What is Christmas and How Did It Get Its Name
Whether you view Christmas as a holiday and time for vacating or as a holy day of worship, Christmas is in fact
a mixture of various cultures from around the world which has been accumulating for hundreds of years. Turkey
dinners with cranberry sauce, decorated evergreen trees and the colorfully wrapped gifts at their bases, Christmas
cards and their heartfelt greetings, jolly old Santa Claus and his reindeer, yule logs and chestnuts roasting on
open fires, mistletoes and granted kisses, chiming bells and carols are all many aspects of Christmas which we have
come to consider as inherently inseparable and at the heart of December 25, all came in bits and pieces from
different peoples.
Today’s Christmas is a celebration of Christ’s birthday but in reality, no one knows when Christ was born and
until the early part of the fourth century no one cared. Birthdays were no reason to celebrate or commemorate but
deaths were. Theologians, researchers and historians through the ages have attempted to pinpoint the Nativity to a
specific date but came up with a profusion of unrelated dates such as January 1, January 6, March 25 and May 20,
but none found the slightest evidence that would even remotely point to December 25. May 20 became the most often
agreed upon date of the Nativity because the Gospel of Luke maintains that the shepherds who received the news of
Christ’s birth were watching their sheep by night and it is known that sheep where watched around the clock only at
lambing time which was in the spring.
In an attempt to cast a shadow on an ancient pagan religion, Mithraism, whose December 25 festivities threatened
to attract more Christians than the church could afford to lose, clever church elders suggested celebrations of the
Nativity on the same day. Although they encountered much opposition from the more conservative sector of the church
which claimed that it is sinful to even as much as contemplate observing the birth of Christ “as though He were a
King Pharaoh” and not a divine son of God, the renegade fathers ultimately prevailed.
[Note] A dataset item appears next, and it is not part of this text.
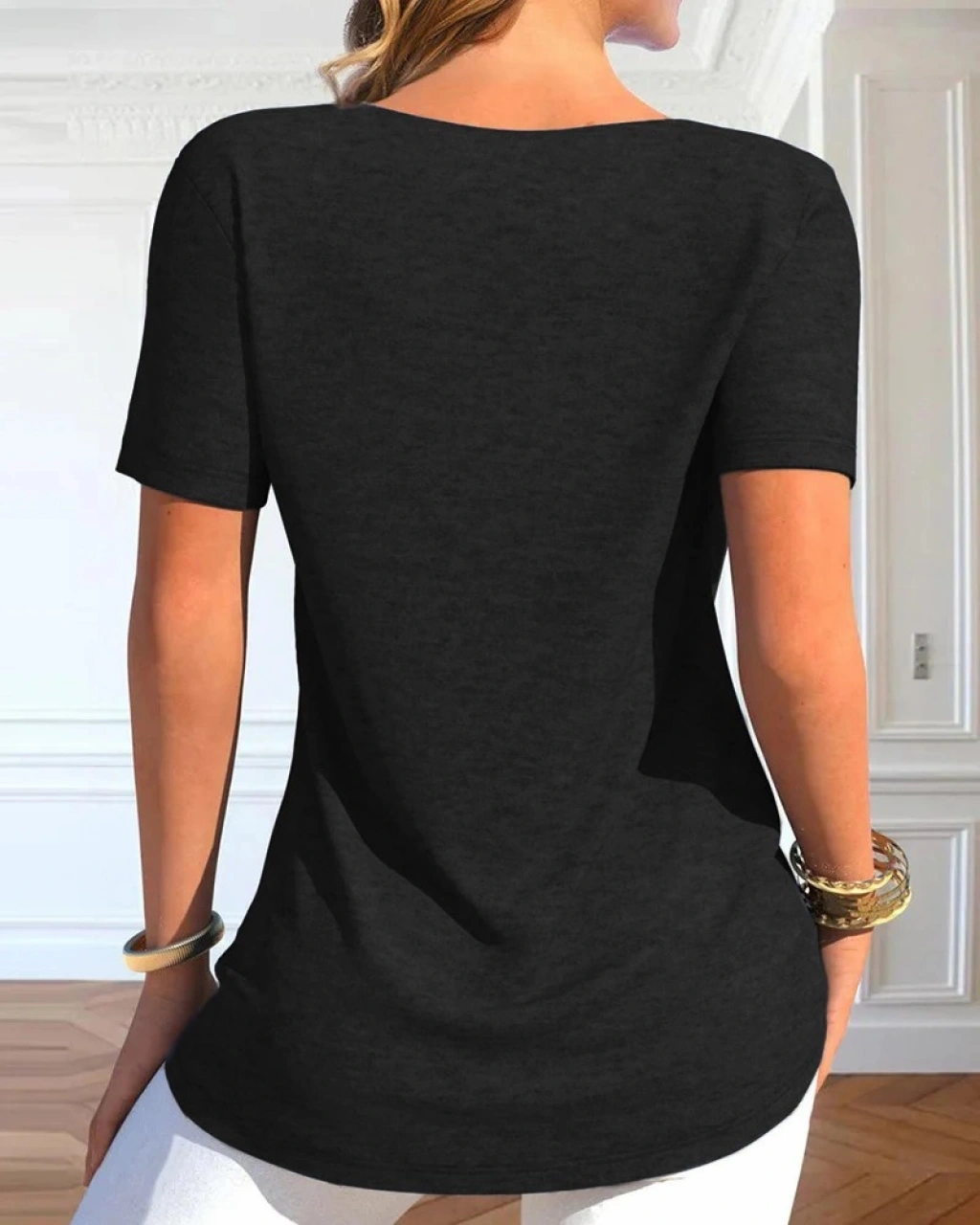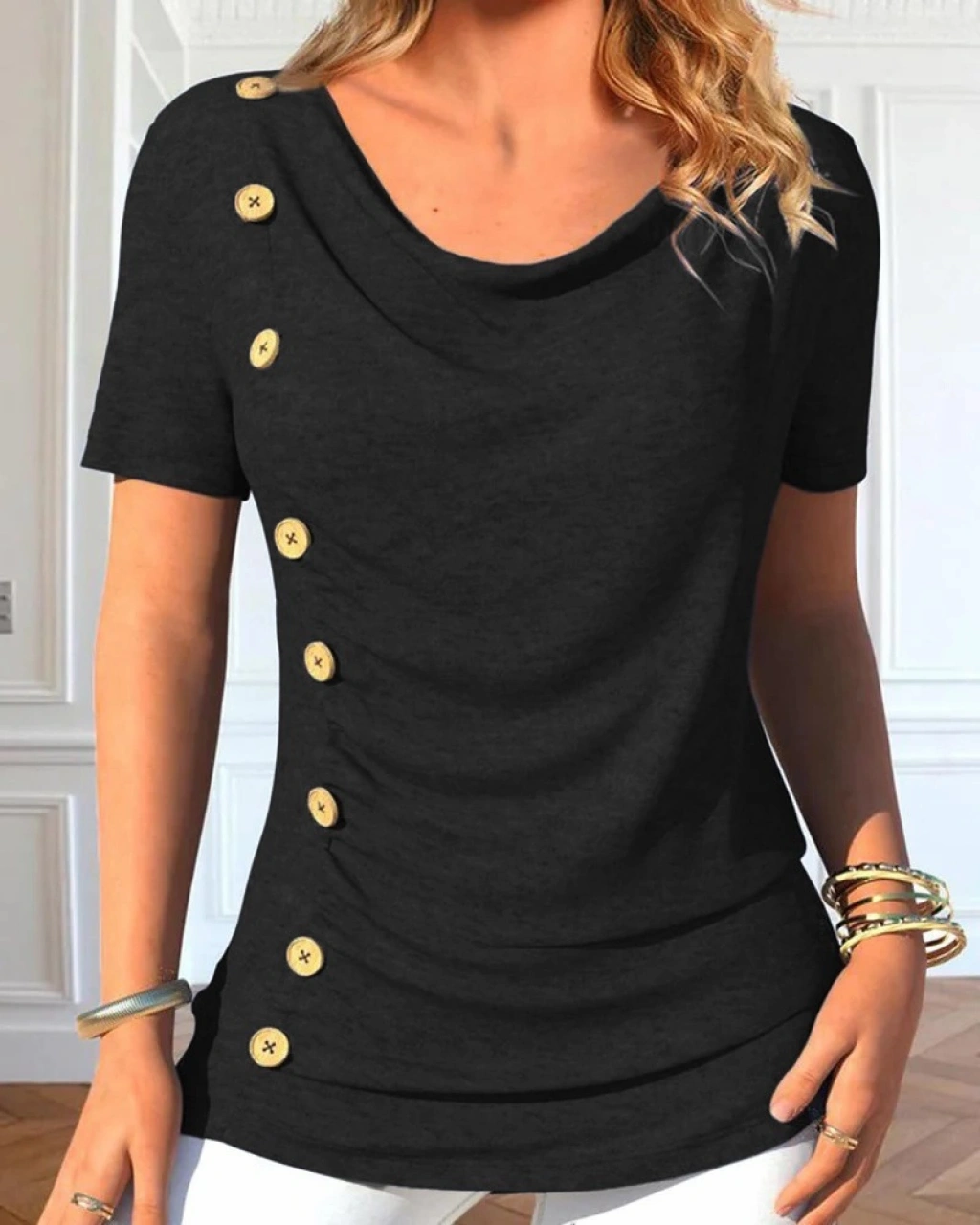 Kadın Kısa Kollu Degaje Yaka Düğme Detay Viskon Bluz

The church thereafter legitimized December 25 as the birth date of Christ and its observance would be
characterized in meditative prayer, in giving thanks and in pensive rejoicing — a mass, Christ’s mass. One
Christian theologian wrote in his journal in the latter part of the 320s: “We hold this day holy, not like the
pagans because of the birth of the sun, but because of Him who made it.”
Thanks to the psychological power of group celebrations, the unification and equalization of ranks and social
classes, the solidification and affirmation of collective identity and the reinforcement of a common belief system
and its objectives, the celebration of Christ’s mass or Christmas on December 25 took hold in the Western world.
However, Christmas did not become permanently rooted until the Roman emperor Constantine was baptized in 337, an
event which for the first time united the Roman emperorship with the Christian church and made Christianity the
official religion of the state. And when in 354, Bishop Liberius of Rome reiterated the importance of celebrating
not only Christ’s death but also His birth; those few who still remained aloof from the church were finally
convinced.
The word Christmas stems from the abbreviation of “Christ’s mass” which is a derivative from Middle English
Christemasssee and Old English Cristes maesse. The earliest found evidence of this phrase was recorded in 1038
which was also an amalgamated derivative of the Greek Christos and the Latin missa. In the Greek translations of
the New Testament, the letter X (chi) is the first letter of Christ. By the mid-16th century, X was used as an
acronym for Christ and Xmas became the abbreviate form of Christmas.